#### Exercise brief
The answer must give back every line of the data exactly, with no pictures.

Supplied information section start

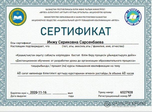 Сәрсенбаева И.С. қашықтықтан оқыту 40 сағаттық сертификат.
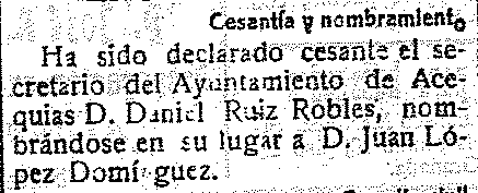 4 de junio de 1917. Cambio de secretario de ayuntamiento en
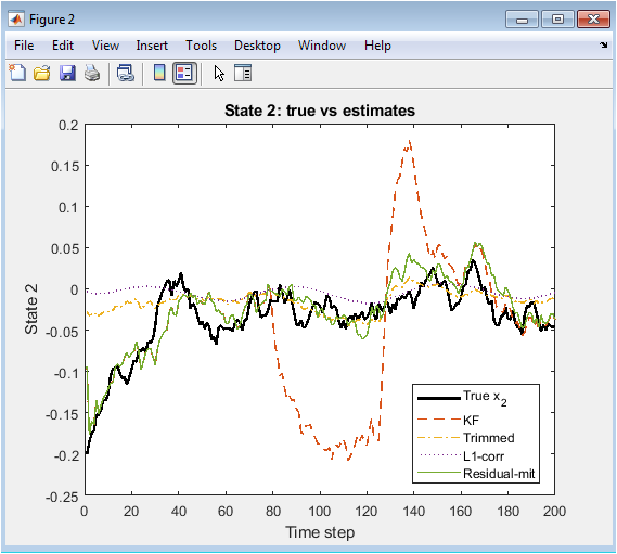 This figure illustrates the tracking performance for the second state variable across all estimation methods. As in Figure 1, the standard Kalman filter exhibits large deviations whenever sensor attacks are present. The trimmed-mean estimator maintains moderate robustness by averaging estimates from only trusted sensors. L1-based correction achieves improved accuracy by suppressing sparse attack disturbances using soft-thresholding. Residual-mitigation maintains stable performance by discarding flagged sensors based on abnormal residual statistics. During attack intervals, robust estimators outperform the standard KF significantly. Slight smoothing delays are observed in trimmed-mean due to averaging effects. Figure 2 confirms the necessity of redundancy-aware and sparsity-driven estimation for secure cyber-physical control.
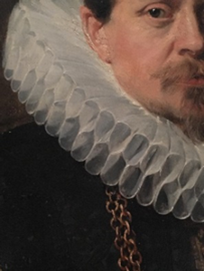Er zijn verschillende manieren waarop we een plooikraag kunnen benoemen. Dit geldt eveneens voor de uitbeelding ervan. De afgebeelde kraag die we hiernaast zien wordt gedragen door Jacob Van der Gheenste, schepen en raadsman van de stad Brugge. Het beeld is geschilderd door Pieter Pourbus omstreeks 1583. Tussen alle kragen die gedragen worden in het museum gaat mijn voorkeur uit naar deze. Hier voel ik een speelsheid die bij de andere kragen ontbreekt. De plooien nemen immers niet allemaal dezelfde perfecte bochten en tussen deze plooien ontstaan er beweeglijke kronkels. Er is geen transparantie van het materiaal, wat maakt dat de kraag veel meer aanwezig is als object. Je voelt dat hij zwaarder is en strak aangespannen moet zijn, wil hij niet slapjes op de schouders hangen. Het strenge gezicht van de afgebeelde man maakt het contrast met de speelse kraag des te groter. Het doet ook ietwat afbreuk aan de sensualiteit van de kraag. Als ik kijk naar de detailfoto, kan ik de lijnen van de kronkels lang blijven volgen. De schakeringen van licht naar donker zijn wederom fascinerend om te zien door hun subtiliteit en tederheid. Wanneer ik echter het schilderij in zijn geheel bekijk, kan ik niet anders dan afgeleid worden door het portret.

Supplied information section end

#### Reply
 Сәрсенбаева И.С. қашықтықтан оқыту 40 сағаттық сертификат.
 4 de junio de 1917. Cambio de secretario de ayuntamiento en
 This figure illustrates the tracking performance for the second state variable across all estimation methods. As in Figure 1, the standard Kalman filter exhibits large deviations whenever sensor attacks are present. The trimmed-mean estimator maintains moderate robustness by averaging estimates from only trusted sensors. L1-based correction achieves improved accuracy by suppressing sparse attack disturbances using soft-thresholding. Residual-mitigation maintains stable performance by discarding flagged sensors based on abnormal residual statistics. During attack intervals, robust estimators outperform the standard KF significantly. Slight smoothing delays are observed in trimmed-mean due to averaging effects. Figure 2 confirms the necessity of redundancy-aware and sparsity-driven estimation for secure cyber-physical control.
Er zijn verschillende manieren waarop we een plooikraag kunnen benoemen. Dit geldt eveneens voor de uitbeelding ervan. De afgebeelde kraag die we hiernaast zien wordt gedragen door Jacob Van der Gheenste, schepen en raadsman van de stad Brugge. Het beeld is geschilderd door Pieter Pourbus omstreeks 1583. Tussen alle kragen die gedragen worden in het museum gaat mijn voorkeur uit naar deze. Hier voel ik een speelsheid die bij de andere kragen ontbreekt. De plooien nemen immers niet allemaal dezelfde perfecte bochten en tussen deze plooien ontstaan er beweeglijke kronkels. Er is geen transparantie van het materiaal, wat maakt dat de kraag veel meer aanwezig is als object. Je voelt dat hij zwaarder is en strak aangespannen moet zijn, wil hij niet slapjes op de schouders hangen. Het strenge gezicht van de afgebeelde man maakt het contrast met de speelse kraag des te groter. Het doet ook ietwat afbreuk aan de sensualiteit van de kraag. Als ik kijk naar de detailfoto, kan ik de lijnen van de kronkels lang blijven volgen. De schakeringen van licht naar donker zijn wederom fascinerend om te zien door hun subtiliteit en tederheid. Wanneer ik echter het schilderij in zijn geheel bekijk, kan ik niet anders dan afgeleid worden door het portret.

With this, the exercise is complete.